Presenters share research projects in Scholarship Symposium

Dr. Gavin Richardson, professor of English, performs a dramatic reading of ‘The Fall of Lucifer’ Tuesday with Mary Laarz, junior English major, and Holly Owens, senior music major. | Photo by Jacob Moore

By Beth Byrd, Staff Writer

Students, faculty, staff and visitors gathered May 1 for the ninth annual Union University Scholarship Symposium to see the Union community’s academic achievements through posters, presentations and plays.

The event began at 12:30 p.m. in the Carl Grant Events Center, where 56 posters displayed research projects by students from Union campuses in Jackson, Germantown and Hendersonville. Students presented 79 research projects from 1-4 p.m..

Dr. Randall Phillips, director of research and associate professor of family studies, said 266 students worked with 53 faculty members to present research.

“(The symposium) is a venue for students to present evidence of their scholarly efforts and to do so in a forum venue, ” Phillips said. “The caliber of the presentations for the symposium is comparable to what you will find in a professional association or in an academic society.”

Ansley Geno and Shelby Holmes, senior psychology majors, worked for months on their project, “Impression Formation and The Preferential Treatment of Blondes.”

Narrowing their focus to Union female students, Geno and Holmes observed whether blondes received better treatment than brunettes. They conducted studies across campus that revealed nearly 59 percent of 75 observed groups showed preference for blonde females, because more doors were held open for blonde than non-blonde females.

“In order to get in graduate school, it is important to have research experience,” Geno said. “And I thought (participating in the symposium) would be fun.”
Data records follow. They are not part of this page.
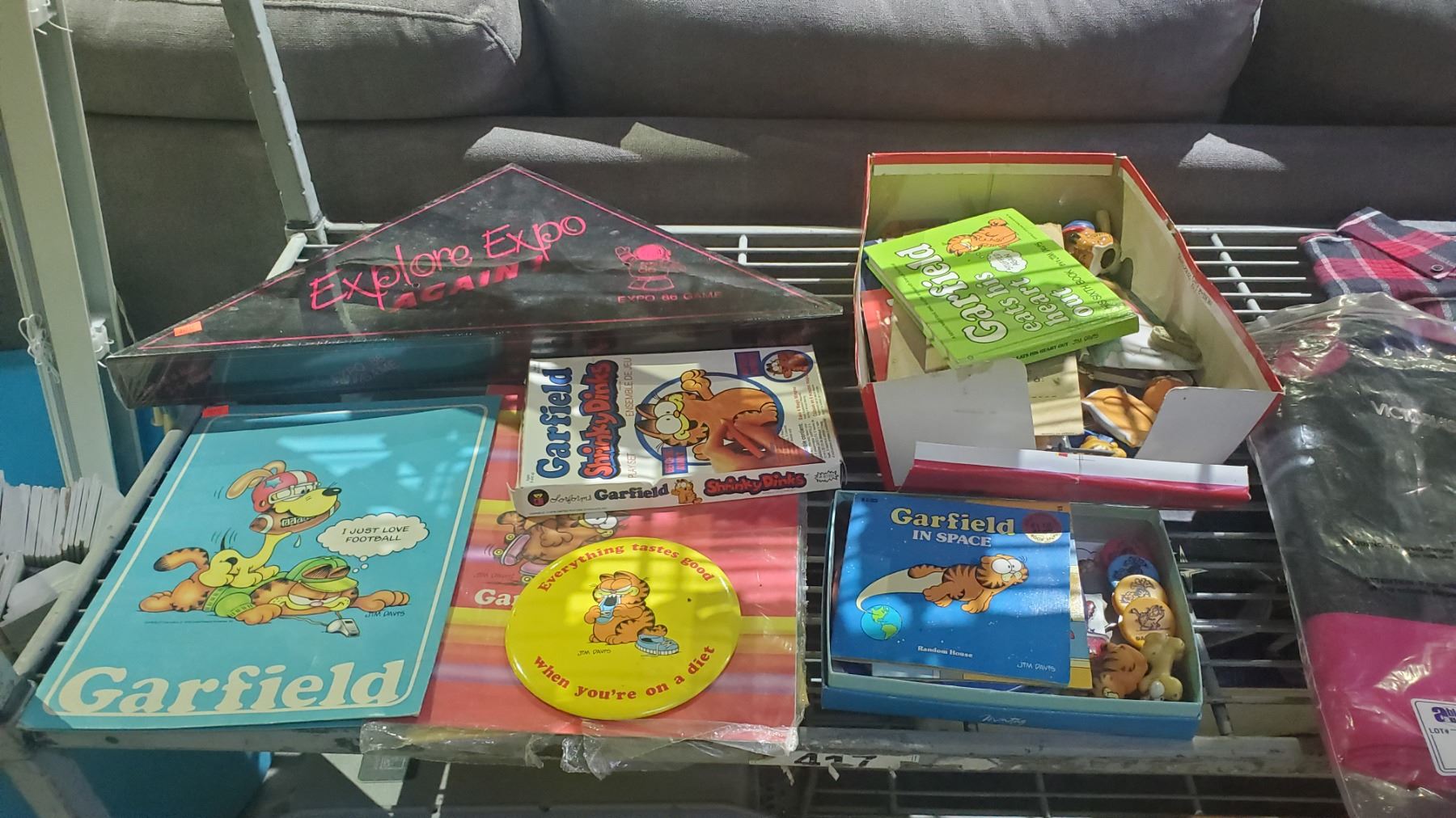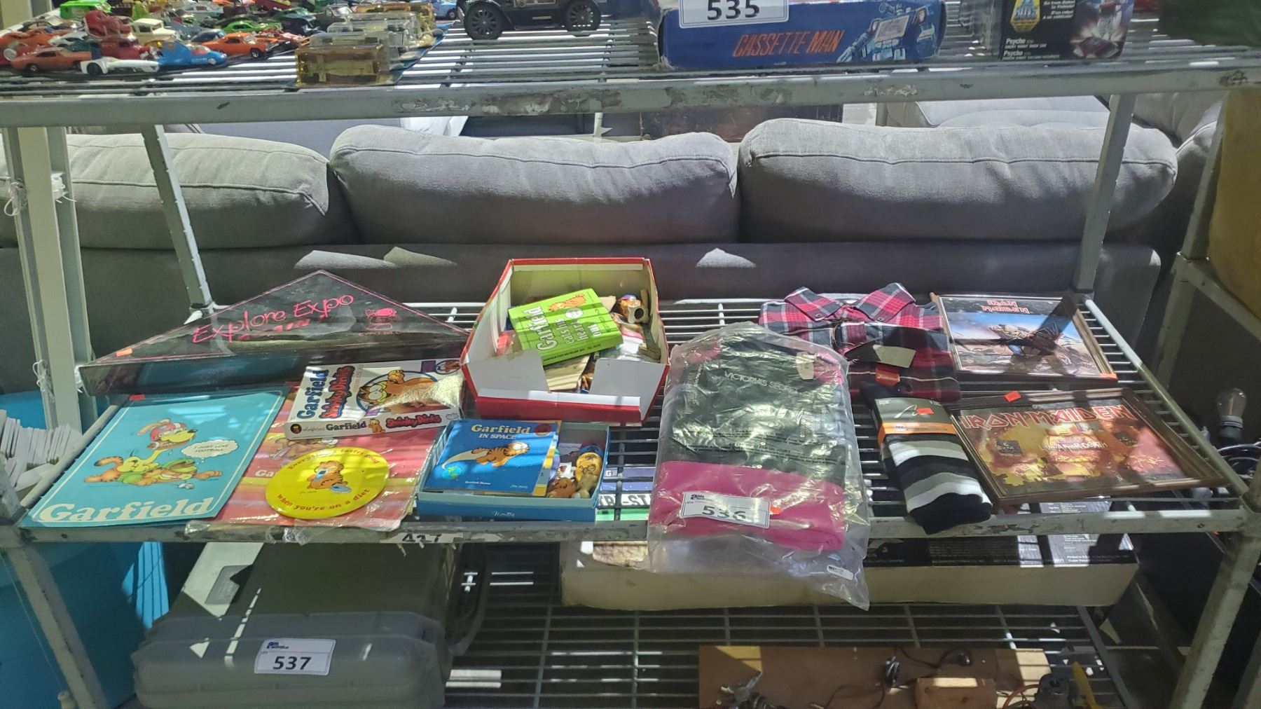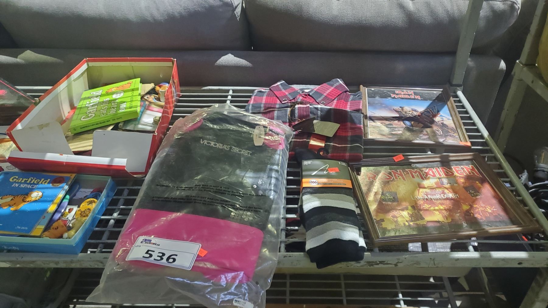 ASSORTED ITEMS INCLUDING; IRON MAIDEN FRAMED ART, GARFIELD TOYS, VICTORIA'S SECRET BAG & MORE
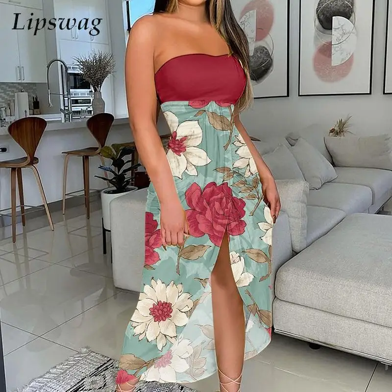 Женское длинное платье без бретелек, с открытыми плечами и цветочным принтом
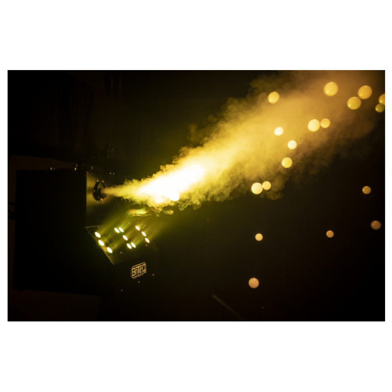 Мощная комбинация генератора пузырей и тумана с 11 светодиодами 8 Вт-RGBA. Каждый эффект можно использовать по отдельности или комбинировать для создания пузырьков, наполненных туманом. Оснащен двойным вентилятором для выдувания пузырьков и/или дыма на несколько метров. Управляется через:
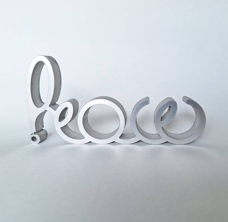 The peace-war artwork is a sculptural ambigram, reading „PEACE“ from the front and „WAR!“ from the back.
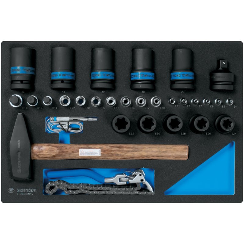 KING TONY Набор ударных головок 1", головок Torx Е-стандарт, молоток, съемник, тестер, ложемент, 30 предметов KING TONY 9-99430MFV купить в Омске цена ✅ - Все для СТО
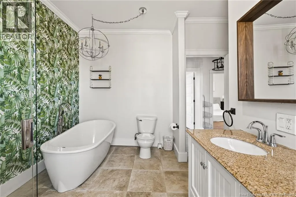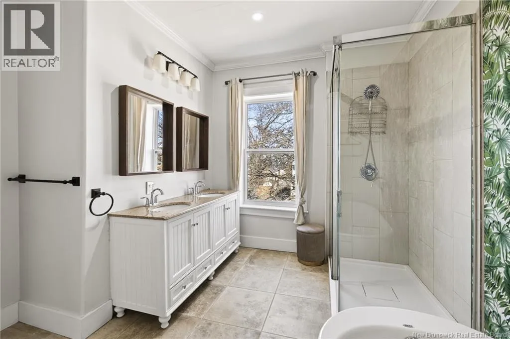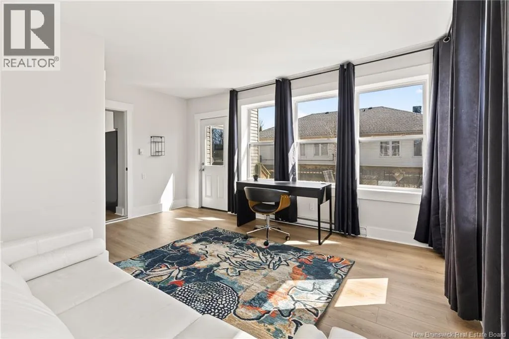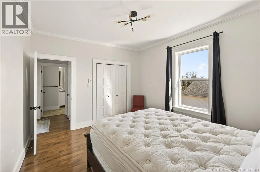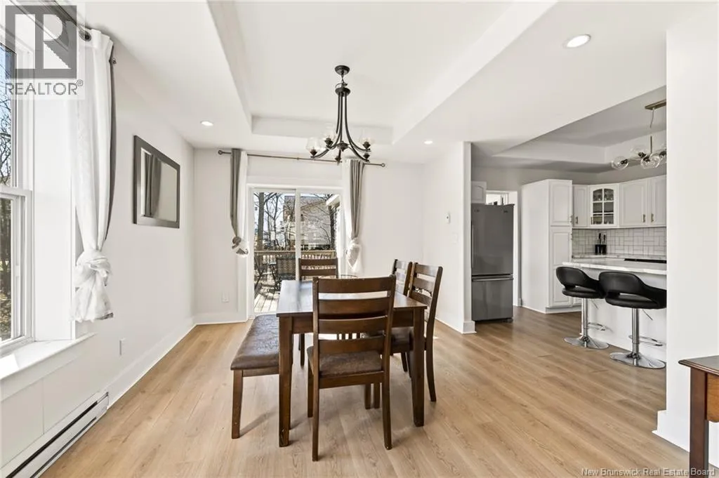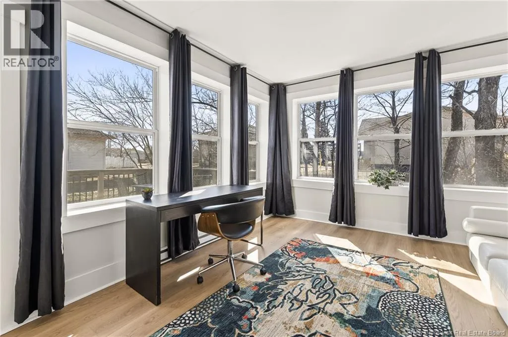 From Moncton Hospital onto Connaught Ave, turn on your left on Lefurgey Ave. Also accessible from Mountain Rd. Heritage charm meets modern living in the heart of Moncton! This beautifully renovated 2-storey home sits steps from the Moncton Hospital and checks every box without compromise. From the moment you walk through the door, you're greeted by an open-concept main floor with soaring ceilings, fresh laminate flooring, and a layout that just flows. The kitchen is a showstopper. White cabinetry with gold hardware, marble-look countertops, subway tile backsplash, a centre island, and a statement bubble chandelier. The dining room opens directly onto a gorgeous deck, perfect for summer entertaining. Upstairs, the primary bathroom features freestanding soaker tub, glass shower, and a bold tropical feature wall that has to be seen to be believed. Large bedrooms throughout, hardwood floors on the upper level, and two mini-splits keep everyone comfortable year-round. Outside: paved driveway, a beautiful deck, and a large yard ready for whatever you've got planned. Oh and all furniture is negotiable. Move in and just live. (id:27476)
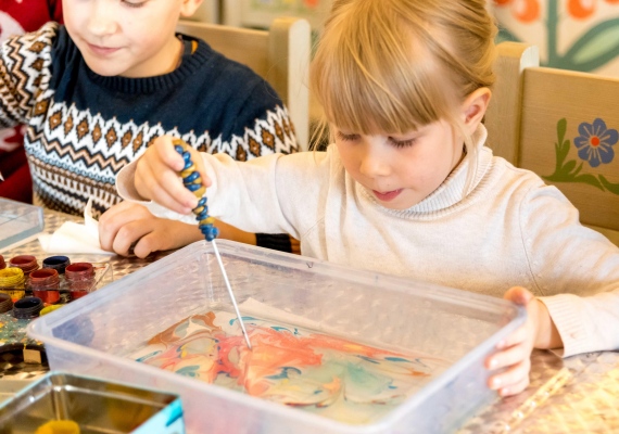 Студия арт-терапии и живописи на воде Moon&Star Ebru приглашает мам и детей на рисование в стиле суминагаши. Это императорская забава при японском дворе позволяла ловить творческое состояние без ограничений и правил.

Dr. Gavin Richardson, professor of English, oversaw the presentation of “The Fall of Lucifer,” an anonymous medieval mystery play held at the W.D. Powell Theatre in the Penick Academic Complex.

Sixteen students from Richardson’s “The History of the English Language” class used Middle English to portray Satan’s damnation to hell.

Mary Laarz, senior English major who played Lucifer in the play, said she practiced her lines often to perform well for the symposium.

“(The Scholarship Symposium) is a chance for students to see work done by fellow classmates and to see a glimpse into the different classes offered on campus,” Laarz said. “This is a way for students to flex their academic muscles in a different venue.”